The second Slice method is in the Timeline. This is where you really are slicing with a digital razor blade.

Open up your master clip from the Browser into the Viewer. It’ll probably have an In and Out point marked already. We need to clear those. If you control-click on the Scrubber Bar at the bottom of the Viewer you will evoke a contextual menu. Select Clear In and Out. This will, surprise, surprise, clear the In and Out points.

If you’ve opened a clip from the Browser and want to clear it’s In and Out points, you can also use the keyboard shortcut Opt-X. You can’t however clear the In and Out from a clip that’s been opened from the Timeline. By definition a clip that's in the Timeline must have marked In and Out points.

Open a new empty sequence and drag your master clip into into the Timeline. When you place a clip in the Timeline the playhead automatically jumps to the end of the clip, ready for you to place another clip in position. In this case we don’t want to do that, so simply click in the Timeline window to make it active and then hit the Home key on your keyboard to take you back to the beginning of the Timeline.

Press the spacebar to play the master clip in the Timeline. The video plays in the Canvas. Again use the spacebar to stop and the left and right arrow keys to find the start of the shot of the stone basin. When you’ve found it hit Control-V. This will cut the video and audio on the clip as if you were cutting it with a knife or a razor blade, which is what used to be used to cut film and audio tape, and even videotape when it was first edited. What you are doing is the digital metaphor for the same process. Now that you’ve made one cut, find the end of the shot and again use Control-V to cut the shot.

A moment ago we talked about where the cut takes place when you’re editing, that the In point cuts the space before the frame you’re looking at, and the Out point cuts after the frame you’re looking at. Well, the razor blade always cuts on the gap in front of the frame you’re seeing in the canvas. So in this Slice method to get the last frame of the shot you want you have to be looking at the first frame of the shot after it. If you Control-V on the last frame of the shot, the next shot will have one spurious frame at its head.

After you've made your two cuts with the digital razor blade in the Timeline window, grab the shot in the Timeline and drag it into a Bin in the Browser.

Using Control-V cut out a section that you don't want to keep. After you've made the slices click on the piece that you’ve cut from the master clip. This will highlight the edited section. Hit Delete. This will remove the clip from the timeline, but it will also leave a gap in the timeline. So let’s undo that using Cmd-Z. The undo will make the shot reappear in the hole in the timeline. Instead of simply deleting it, we will do what’s called a Ripple Delete. Select the clip, now hold down the Shift key, and hit delete. In addition to removing the clip, the Ripple Delete also pulls up all the other material shortening the timeline.

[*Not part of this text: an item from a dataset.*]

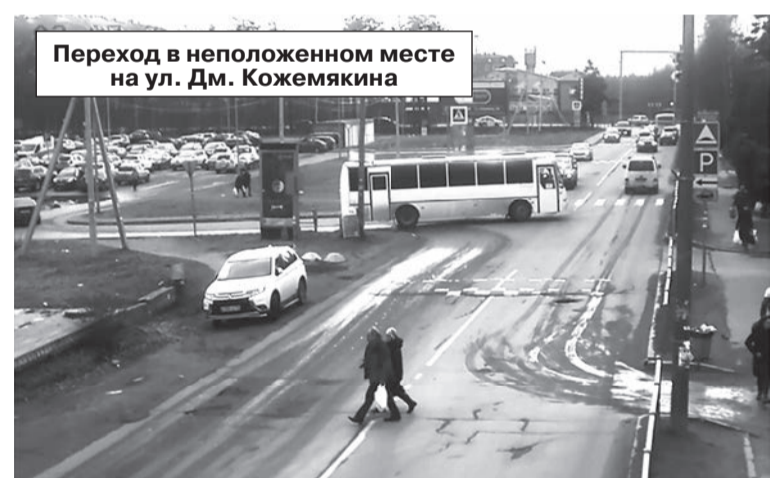
Переход в неполюженном месте на ул. Дм. Кожемякина

ЖИТЕЛИ ГОРОДА НЕ ЛЮБЯТ ПРАВИЛА И ОГРАНИЧЕНИЯ
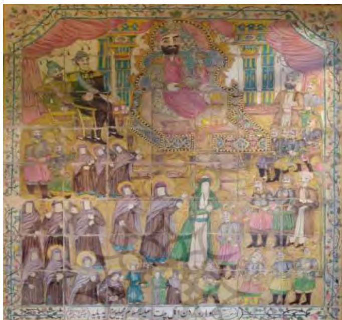
تصویر ۲. کاشی‌نگاره، مضمون واقعه کربلا.

می‌انداختند»، و نمایندگان و سفیران اروپایی را برای تماشای تعزیه به تکیه‌ها و خانه‌هایشان دعوت می‌کردند (بیضایی، ۱۳۸۷: ۱۲۱ و ۱۱۷؛ شهیدی، ۱۳۸۰: ۱۰۷).

This is a good point to explain a bit about the relationship between the clips in the Browser and the clips in Timeline. Quite simply, there is no relationship, no direct, linked relationship anyway. They are two separate and distinct items. They may be copies of each other, but they are quite separate clips that share the same media. So in the first Slice method, when you mark up the master clip with In and Out points, you are marking one clip and making copies of it in the Bin. When you drag the master clip from the Browser and place it in a Timeline, what you are placing there is a copy of the master clip. So when you razor blade and ripple delete the clip in the Timeline, you are not in any way affecting the master clip that remains untouched in your Browser.

In addition to the keyboard shortcut, Control-V, for cutting the clip in the Timeline, you can also cut it up with the Razor Blade from the tools. The letter B for blade will call up the Razor Blade tool.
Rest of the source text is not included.